_SUPPLIED RECORDS_
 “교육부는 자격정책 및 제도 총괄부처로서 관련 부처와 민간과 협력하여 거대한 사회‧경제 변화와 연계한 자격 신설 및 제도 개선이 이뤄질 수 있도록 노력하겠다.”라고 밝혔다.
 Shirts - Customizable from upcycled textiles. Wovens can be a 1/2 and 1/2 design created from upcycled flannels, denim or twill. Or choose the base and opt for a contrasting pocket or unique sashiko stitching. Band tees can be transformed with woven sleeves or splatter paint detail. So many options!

* * *

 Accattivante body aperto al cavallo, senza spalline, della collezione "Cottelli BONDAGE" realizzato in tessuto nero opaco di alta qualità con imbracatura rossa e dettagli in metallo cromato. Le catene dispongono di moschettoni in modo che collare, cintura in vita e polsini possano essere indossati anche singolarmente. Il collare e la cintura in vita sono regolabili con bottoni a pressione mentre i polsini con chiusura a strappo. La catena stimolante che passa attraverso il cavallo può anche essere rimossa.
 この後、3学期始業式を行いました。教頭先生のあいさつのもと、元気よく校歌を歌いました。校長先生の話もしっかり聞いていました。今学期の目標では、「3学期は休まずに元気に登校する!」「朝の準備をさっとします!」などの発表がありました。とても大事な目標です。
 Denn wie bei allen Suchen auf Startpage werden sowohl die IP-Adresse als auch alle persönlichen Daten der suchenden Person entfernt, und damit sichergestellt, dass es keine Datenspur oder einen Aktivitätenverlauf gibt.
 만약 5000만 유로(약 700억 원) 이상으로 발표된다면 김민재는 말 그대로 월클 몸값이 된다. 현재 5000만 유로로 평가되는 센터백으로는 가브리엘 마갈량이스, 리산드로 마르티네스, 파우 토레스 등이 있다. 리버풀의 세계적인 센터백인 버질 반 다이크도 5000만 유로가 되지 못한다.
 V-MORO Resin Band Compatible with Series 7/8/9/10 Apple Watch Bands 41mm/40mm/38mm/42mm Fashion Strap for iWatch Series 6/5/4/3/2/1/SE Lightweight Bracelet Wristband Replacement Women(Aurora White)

* * *

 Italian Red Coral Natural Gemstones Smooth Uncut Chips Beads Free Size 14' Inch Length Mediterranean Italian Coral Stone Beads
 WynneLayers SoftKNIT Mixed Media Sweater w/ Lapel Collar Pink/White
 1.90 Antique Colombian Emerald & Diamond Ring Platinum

_WORK INSTRUCTIONS_
All lines that include the word "Band" must be copied from the material above.

_SOLUTION_
 Shirts - Customizable from upcycled textiles. Wovens can be a 1/2 and 1/2 design created from upcycled flannels, denim or twill. Or choose the base and opt for a contrasting pocket or unique sashiko stitching. Band tees can be transformed with woven sleeves or splatter paint detail. So many options!
 V-MORO Resin Band Compatible with Series 7/8/9/10 Apple Watch Bands 41mm/40mm/38mm/42mm Fashion Strap for iWatch Series 6/5/4/3/2/1/SE Lightweight Bracelet Wristband Replacement Women(Aurora White)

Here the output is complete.